Step 1: Understanding the Question:
The question asks how the maximum kinetic energy (\(K.E._{max}\)) of photoelectrons relates to the wavelength (\(\lambda\)) of the incident light.
Step 2: Key Formula or Approach:
Einstein’s photoelectric equation relates kinetic energy to incident frequency (\(\nu\)):
\[ K.E._{max} = h\nu - \phi \]
where \(h\) is Planck's constant and \(\phi\) is the work function.
Step 3: Detailed Explanation:
The frequency \(\nu\) is related to wavelength \(\lambda\) by the formula \(\nu = \frac{c}{\lambda}\), where \(c\) is the speed of light.
Substituting this into the Einstein equation:
\[ K.E._{max} = \frac{hc}{\lambda} - \phi \]

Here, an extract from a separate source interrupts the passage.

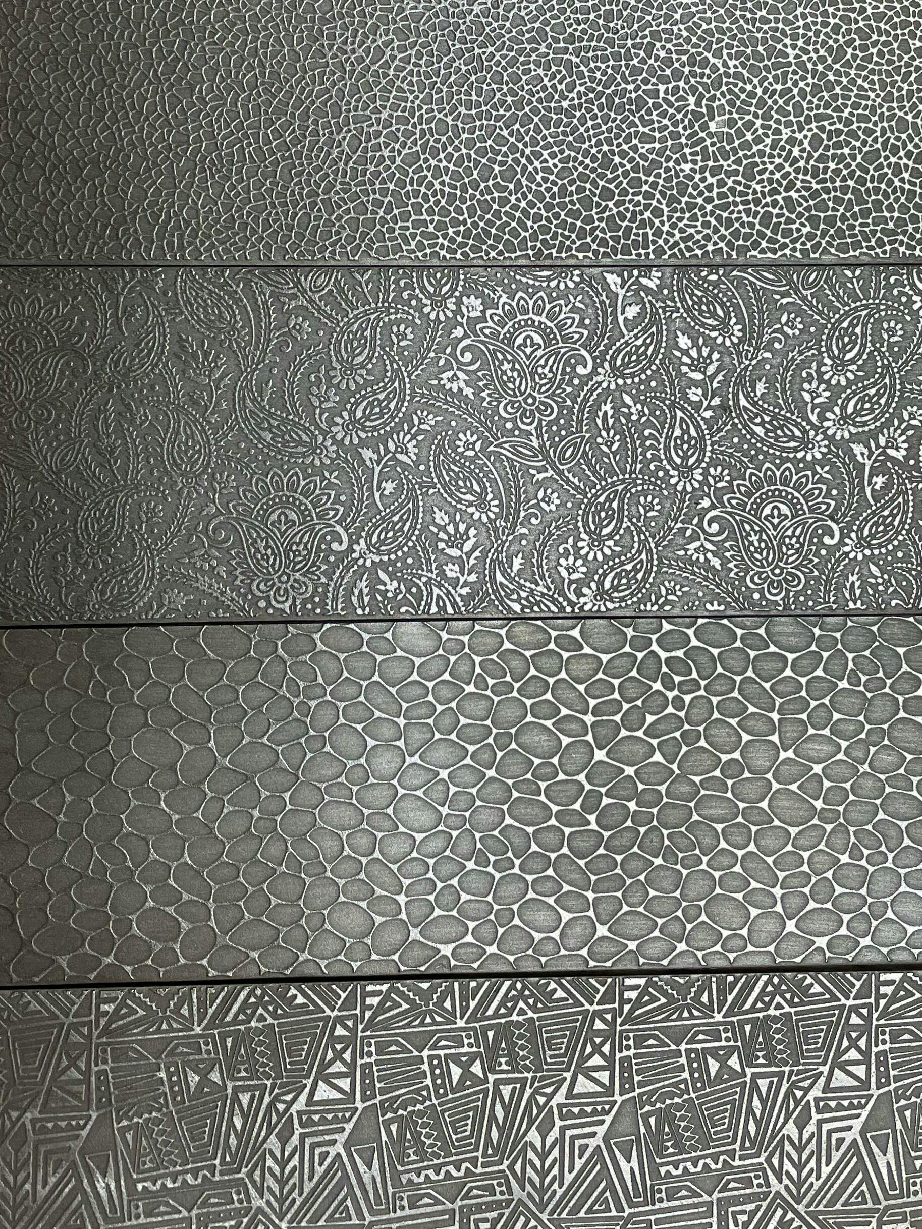 Introducing our meticulously hand-etched plates, expertly crafted from mild steel to elevate your metalworking projects. Each plate is available in a variety of sizes and boasts a sturdy 1/8" thickness. These versatile plates are designed for use with rolling mills, hydraulic presses, or manual techniques using a hammer and a firm medium (such as lead or a ball of aluminum foil). They are the perfect tool to effortlessly transfer intricate designs onto your annealed non-ferrous or precious metals.

In this expression, \(hc\) and \(\phi\) are constants for a specific metal and light source. The term \(\frac{hc}{\lambda}\) shows that as the wavelength \(\lambda\) increases, the energy of the incident photon decreases, and consequently, the kinetic energy decreases.
Thus, \(K.E._{max}\) is inversely proportional to the wavelength.
Step 4: Final Answer:
The relationship is \(K.E. \propto \frac{1}{\lambda}\).